Gentle warrior Stan Musial dies - Michael's essay

Stan Musial was always smiling.   Photo:                                                                                                	 Photo: AFagen

Stan Musial was always smiling. Photo: Photo: AFagen


He was 14, it was nearing the end of the school year and his grandpa said, "Let's take the afternoon off and go to a ball game." So in the friendly sun of a delicious school-free afternoon, Charles Pascal and his grandfather were sitting about 10 rows back along the right field line in Wrigley Field.
The St. Louis Cardinals had come to Chicago to play the Cubs. He remembers it vividly; May 13, 1958. He was excited because the Cardinals' all-star, Stan Musial, was in town. He had piled up 2,999 base hits. Chances were better than good that he would join the elite group of players with 3,000 hits that afternoon.

But the Cards' manager, Freddy Hutchinson, benched Musial because he wanted his star to hit the big number back home in St. Louis. Young Charles was crushed.
But midway through the game, the Cardinals were down. They needed the win. Musial came off the bench to pitch hit.

He whacked a double. And Charles and his grandfather went home smiling.
Charles Pascal is probably Canada's preeminent authority on early childhood education.  He has been a deputy minister of education and is currently professor of Applied Psychology and Human Development at the University of Toronto. He is also in love, beyond human reason, with  the game of baseball. Earlier this week, he and I talked about Stan Musial, who had just died at the age of 92. "He was always the complete gentleman," said  Pascal.  "And it wasn't just the great numbers that made him great. He didn't have that Ted Williams chip on his shoulder."

Stan the Man, as he was called, hit 3,630 hits, including 475 home runs. He won the batting title seven times and was named an All-Star 24 times.He married his high school sweetheart, never took a drug stronger than aspirin and in more than 20 years, never got tossed from a game. He was one of the first white players in either league to openly support the racial integration of baseball with the selection of Jackie Robinson by Branch Rickey for the Brooklyn Dodgers.
On long train trips, he used to play Wabash Cannonball on his harmonica. Not only respected and feared for his bat, he was loved. His picture was scotch-taped up on my bedroom wall with the other heroes in the pantheon -- Mickey Mantle, Ted Kluzewski, Whitey Ford, Roy Campanella. "He had this insane corkscrew stance, the bio-mechanics were crazy. There was no way he could hit with it, but he was an amazing contact hitter," Pascal remembered. 
I copied that stance. Knees bent, left leg pulled back, crouched over, bat held high, then the step into the pitch.
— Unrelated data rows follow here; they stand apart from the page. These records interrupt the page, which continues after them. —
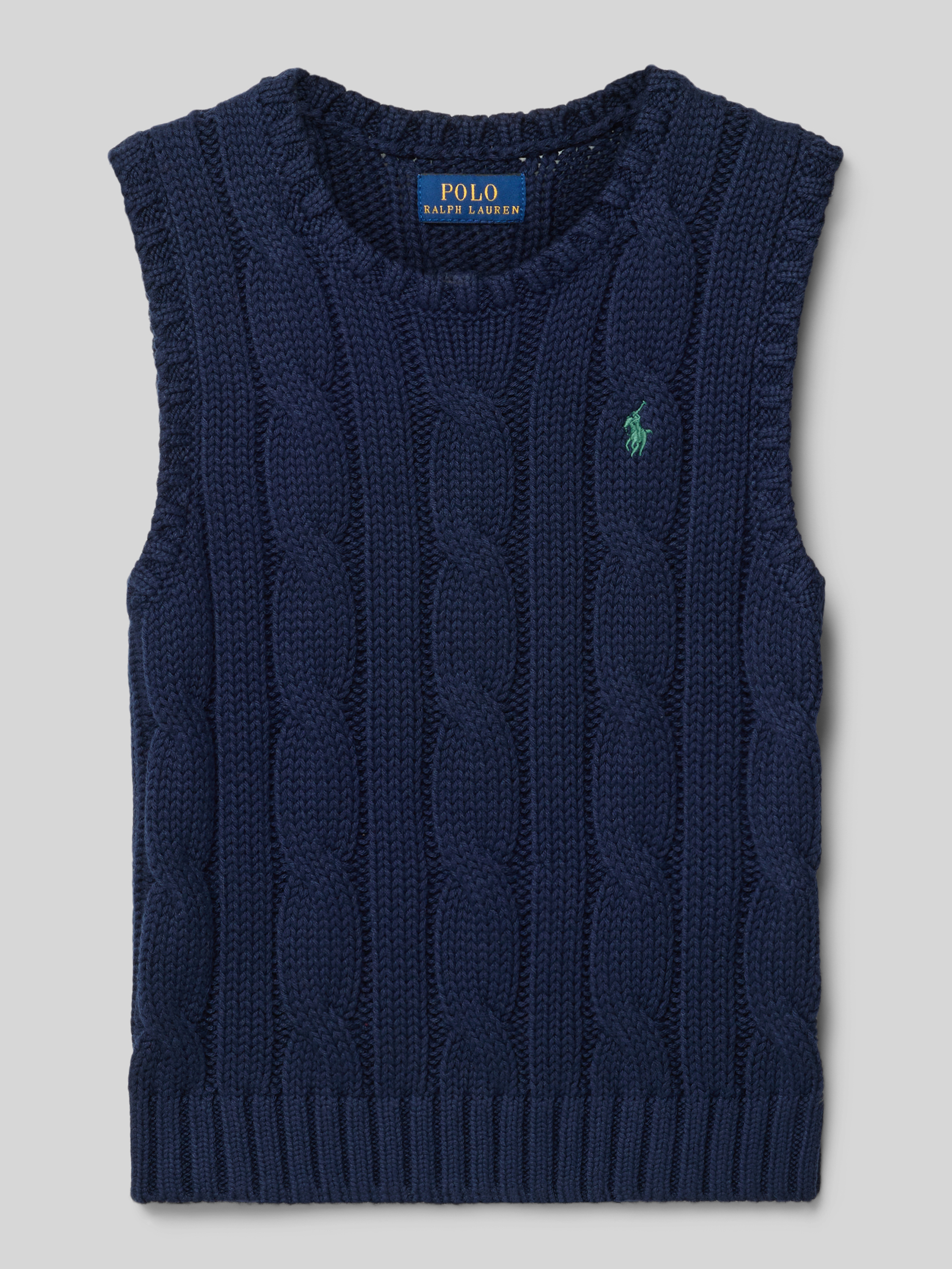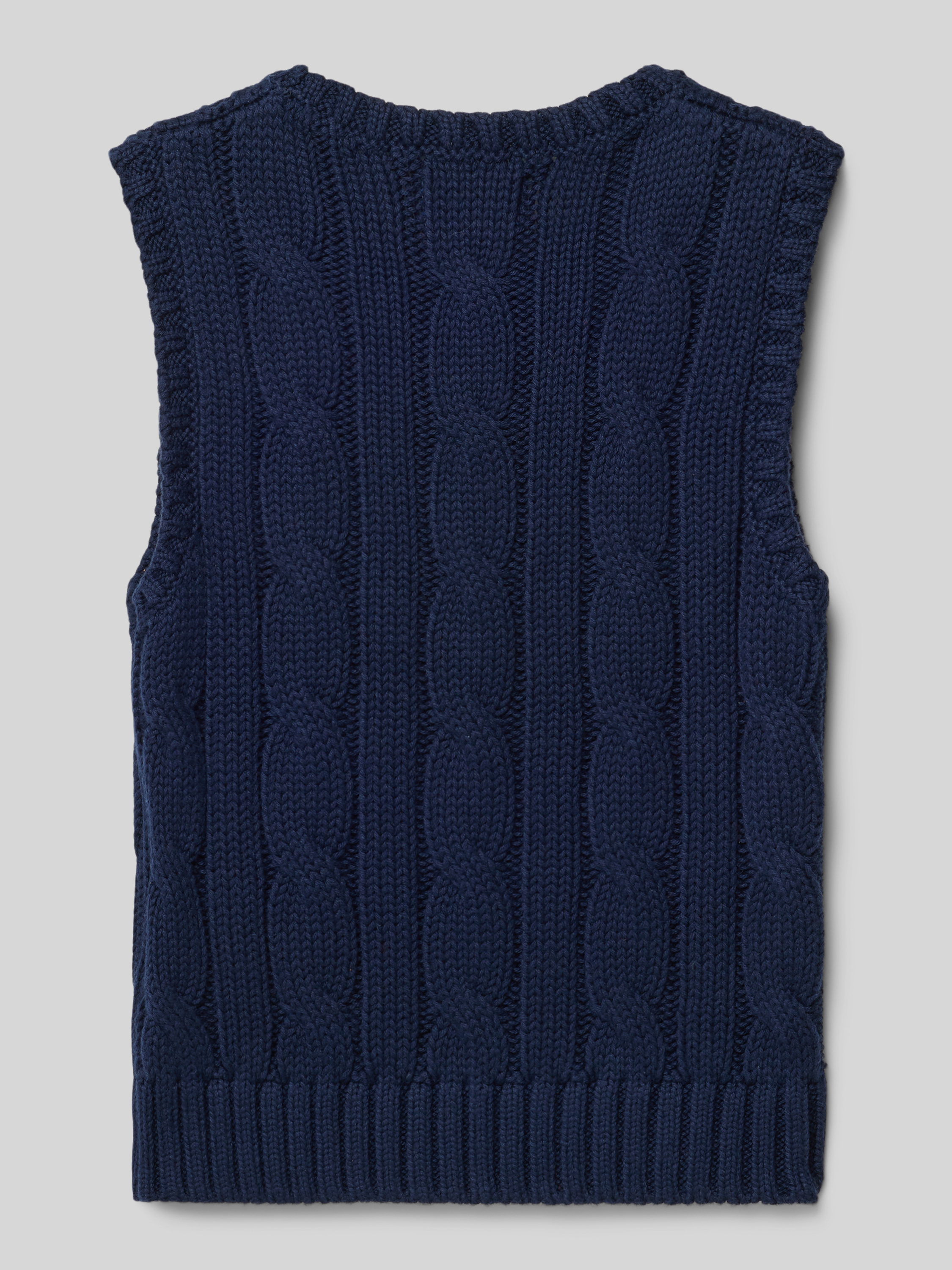 Regular fit spencer in gebreide look met logostitching in marineblauw
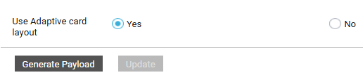 To implement option (b) above, you need to first design the layout of the Adaptive card using a card designer. Then, you need to set the Use Adaptive card layout flag to Yes.
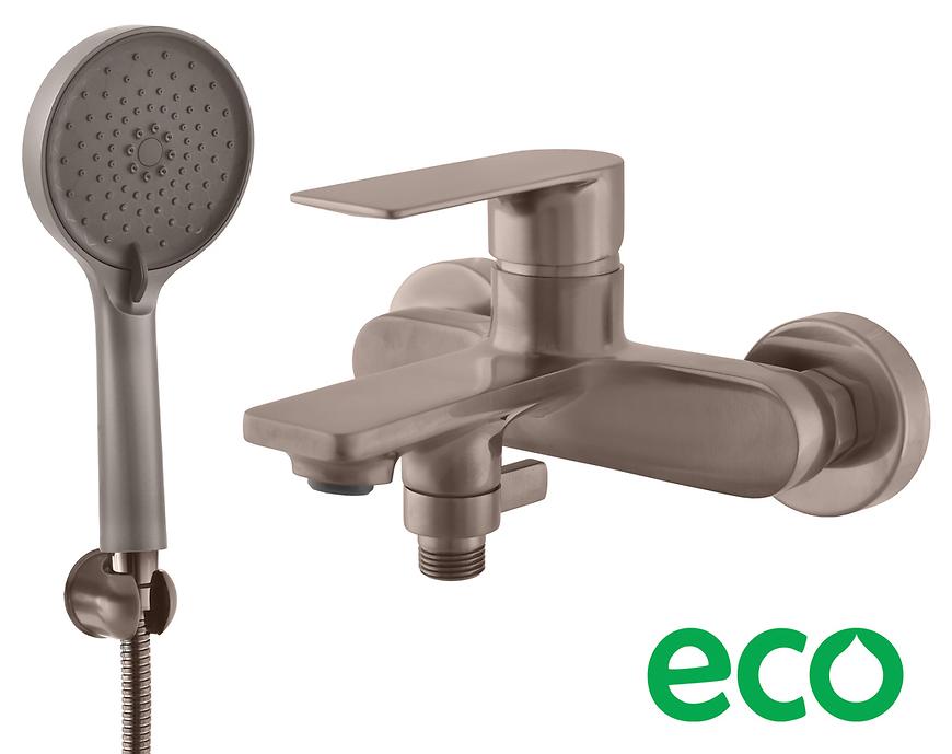 Vodovodní baterie vanová nástěnná Elegantní design, úspora vody, příznivá cena. To je nová série baterií NIL. Díky jemným oblým tvarům se baterie výborně kombinují s ostatním vybavením koupelny, zejména s koupelnovými doplňky NIL. Vanová baterie disponuje zapuštěným perlátorém, který je úsporný s průtokem 12,5 l/min, díky kterému ušetříte stovky litrů vody ročně, přičemž komfort a účinnost mytí zůstávají zachovány. Nejenže uspoříte v peněžence, ale také přispíváte k ochraně životního prostředí tím, že omezujete plýtvání vodními zdroji. povrchová úprava PVD Vodovodní baterie vanová nástěnná se sprchou a pevným kovovým držákem. Vodovodní baterie vanová NIL se vyrábí pouze v rozteči 150 mm. Zapuštěný perlátor přidává umyvadlové baterií eleganci Keramický přepínač zaručují dlouhou životnost vanové baterií. Sprchová hadice musí mít systém proti přetočení. Baterie se dodává včetně klíče na perlátor, který zajistí snadnou demontáž při čištění perlátoru.Tuto baterii lze kombinovat s vanovými a sprchovými bateriemi ze série NIL - metal grey - kartáčovaná, SLEZÁK - RAV.
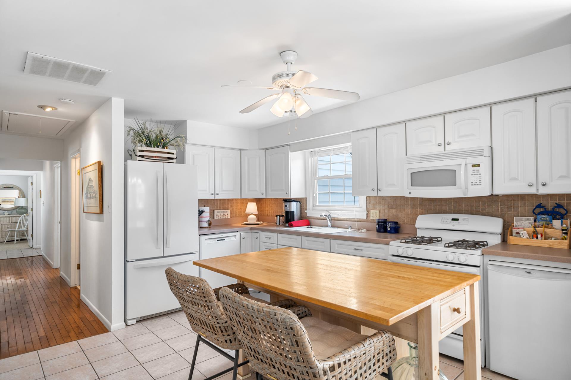 This pristine and absolutely perfect 4 bedroom 2 bath ranch home is the ideal home away from home for your family to enjoy this summer. Short walk to the beach and to a large family recreation area, this location is a great place to hang your hat for the summer. The home has been updated in the past few years with new living furniture, bed linens, carpeting. Bask in the sun on your front porch or read a book in privacy of your own secluded rear deck. This is NOT your typical Avalon ranch home. This four bedroom two bath has everything you could need to enjoy a week in Avalon. Your master bedroom with private bath has a king size bed. The kids share a bedroom with two twin beds. Two guest rooms each offering one queen in each room. This property also supplies high speed wireless internet access and cleaning in between each rental. Enjoy!
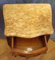 Lovely inlays tulip wood, and bombe shape, with marble tops.

The priest/coach on my CYO team made me change, saying it would wreck my back.
When a ball player you adored in the green years dies, there come flooding back flashes of youth, but also intimations of mortality.  Warriors shouldn't die, even gentle ones. 
But there is something comforting, that the baseball hero should die in deep winter when the air is cold and the ground hard, instead of in the warming  weeks of spring training or the high summer.

On Thursday, Stan Musial lay in state in an open coffin in Cathedral Basilica in St. Louis. Thousands of people lined up along Lindell Boulevard for the visitation. The church bell chimed once as the doors opened. A woman named Evelyn Bourisaw, age 68  and dressed in a warm red coat, said in great voice; "Time to play ball."